Jazz Journey - A Nostalgia Trip With Musical Accompaniment pt1Jazz was a major influence on me and my friends. The little group of us - Donald Lucas and his big brother Leslie, Frankie Childs and Bob Winkworth. Going through puberty, hanging out, going to the Saturday hops at East Ham Town Hall and summer evening dances in Central Park. Here you grabbed a girl and stumbled, slow slow quick quick slow, anti-clockwise around the bandstand as it tannoyed out 78s from Parlophone and Capitol. Badgering the park keeper in charge of the loud tone needles to play
Stan Kenton's Peanut Vendor just one more time.
Stan Kenton band
Every house had a piano. These took a bashing as we did the circuit of each others' front rooms (long suffering mums stoking us up with tea and sandwiches) and stretched our left hands, showing off the latest boogie-woogie pattern learned after hours of listening to records on the wind-up. A favourite technique was to slow the turntable by wedging the brake half on. This helped us pick out the notes but pitched our performances down several keys.

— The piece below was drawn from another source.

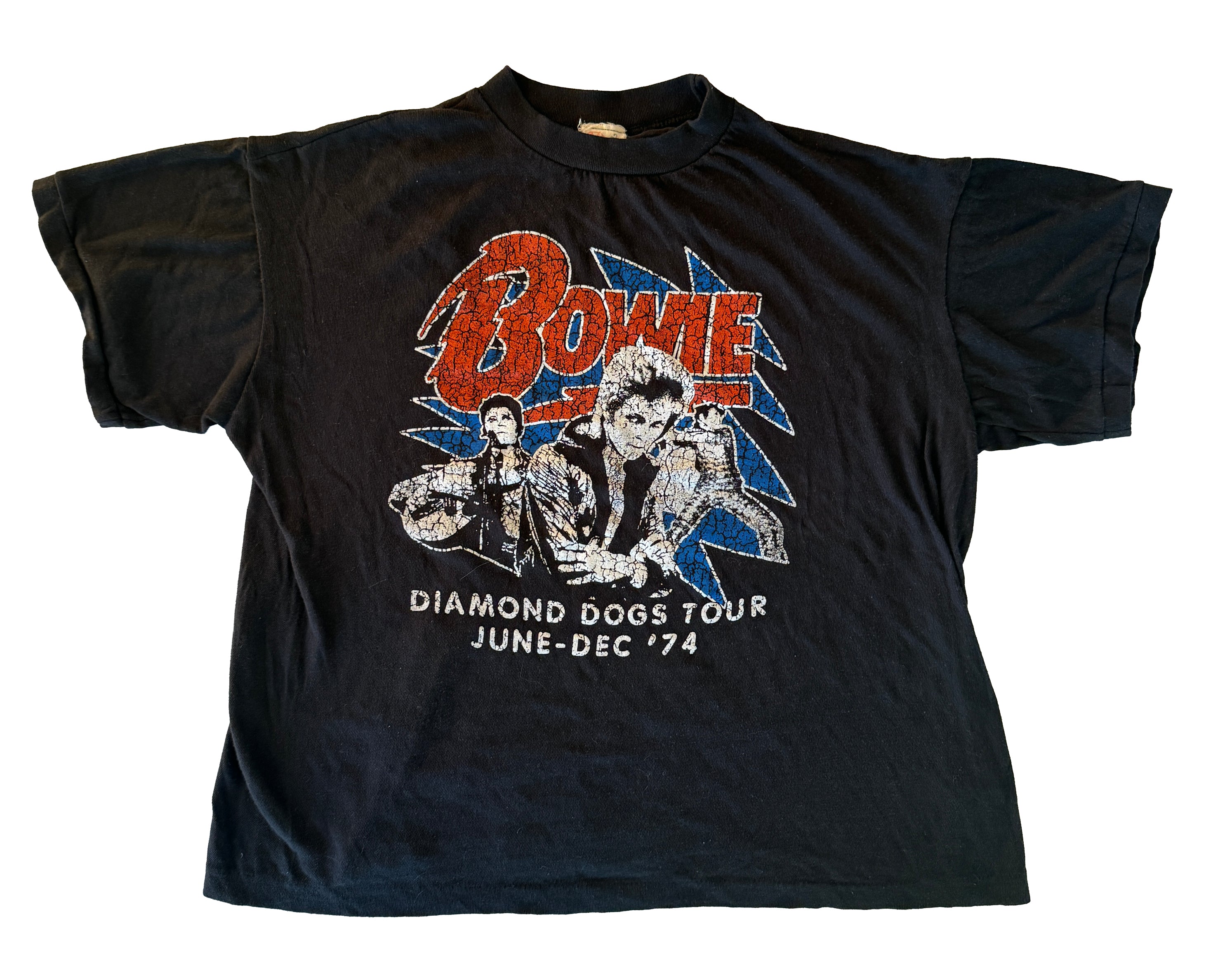 The Diamond Dogs tour was famously ambitious, packed with elaborate staging and a storyline that blurred theatre and rock performance. Original merch from this era was extremely limited, and even fantasy-label tour tees from the ’80s and ’90s have become heavily sought after because the imagery is just that iconic.
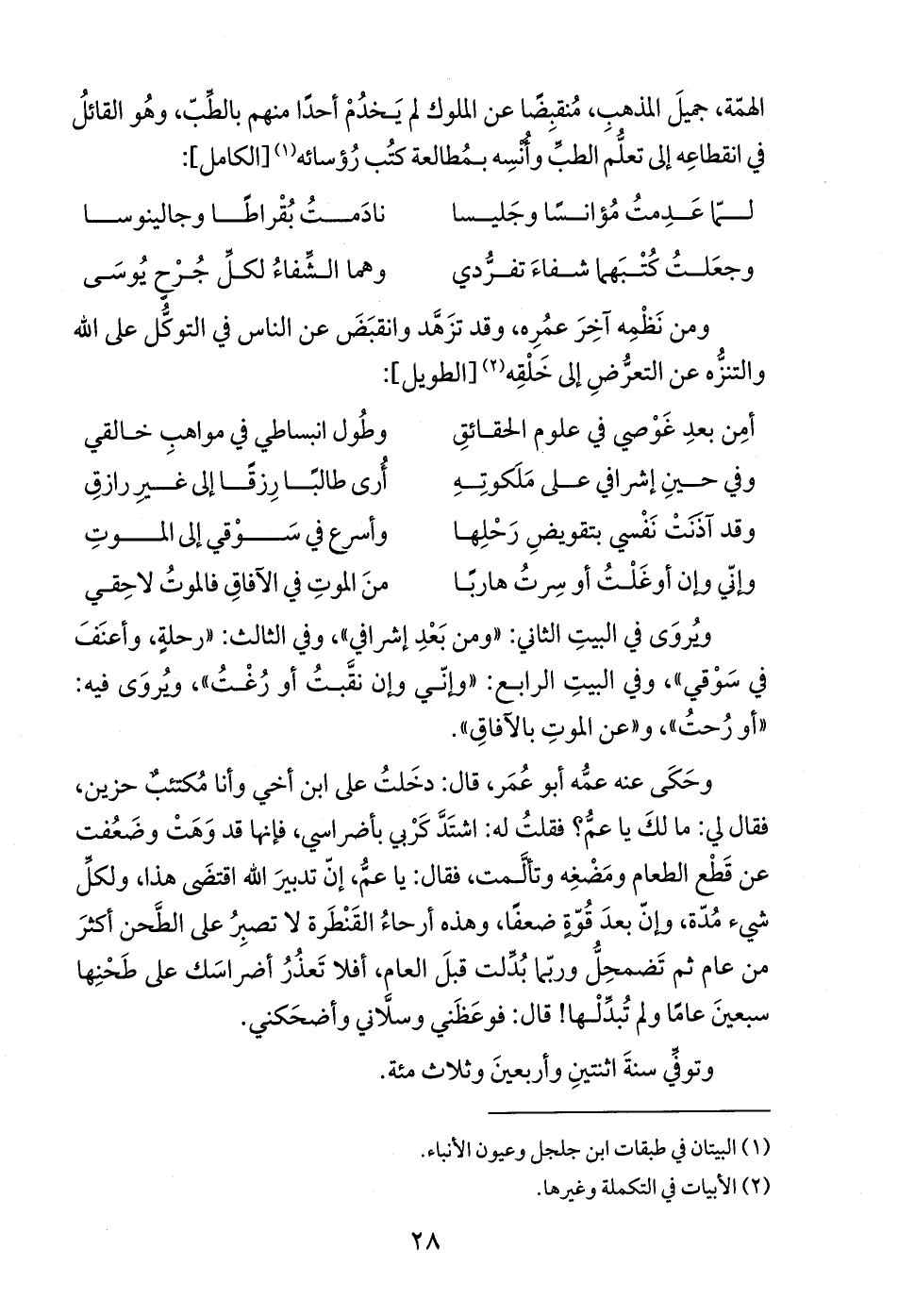 (¬1) البيتان في طبقات ابن جلجل وعيون الأنباء.

We stayed together in this routine for the final couple of school years, leaving at fifteen and taking our first jobs. Earning a living, 'courting' etc. took its predictable toll. We slowly split, the encounters becoming perfunctory. But my interest in and love of jazz continued. Jack Jackson's Record Roundup (announced by
Harry James playing Carnival), Family Favourites and other record programmes were listened to for any hint of American bands. On a good night I could just tune in AFN from Munich. This radio station served the American forces in Europe and was a sure source of the latest stateside sounds.
A coterie of British band leaders, disciples of the revolutionary sounds crossing the Atlantic from standard bearers like
Stan Kenton and
Woody Herman, were playing concerts in London. Venues such as the old, now extinct Empress Hall and the pristine, acoustically perfect Royal Festival Hall resounded to twenty piece aggregations reproducing (with varying degrees of success) those arrangements which till then had only been heard via the fading medium wave ether, or the few "jazz and dance" 78s sneaking into the monthly new release catalogues of such record companies as Capitol and Brunswick.
Vic Lewis, in particular, reproduced the Kenton Sound. However, I seem to recall enthusiasm and volume being more apparent than subtlety and technique in this band's performances.
Then it was time for the landmark faced by all male teenagers in the fifties - National Service. I'll gloss over the shock to a sensitive, sheltered eighteen year old's being. The musical bonus was being posted to Germany. Here, 2545454 Leading Aircraftman Smith A E, in company with two or three fellow jazz fans; people like Senior Aircraftmen Bob Rudd and Andy Capy (a French surname, the
Daily Mirror character was yet unborn), who had gravitated to each other like iron filings round a magnet, were able to listen to AFN loud and clear.
Andy, me and Bob - Christmas 1953 RAF Jever
The main man on this station was
The Baron of Bounce. His regular slot, The Hot House, was the fount of all jazz wisdom. The opening bars of the theme tune, Undercurrent Blues by
Benny Goodman's big band, were the signal for devotions. We worshiped at The Baron's turntable. If only I still had my Hot House membership card.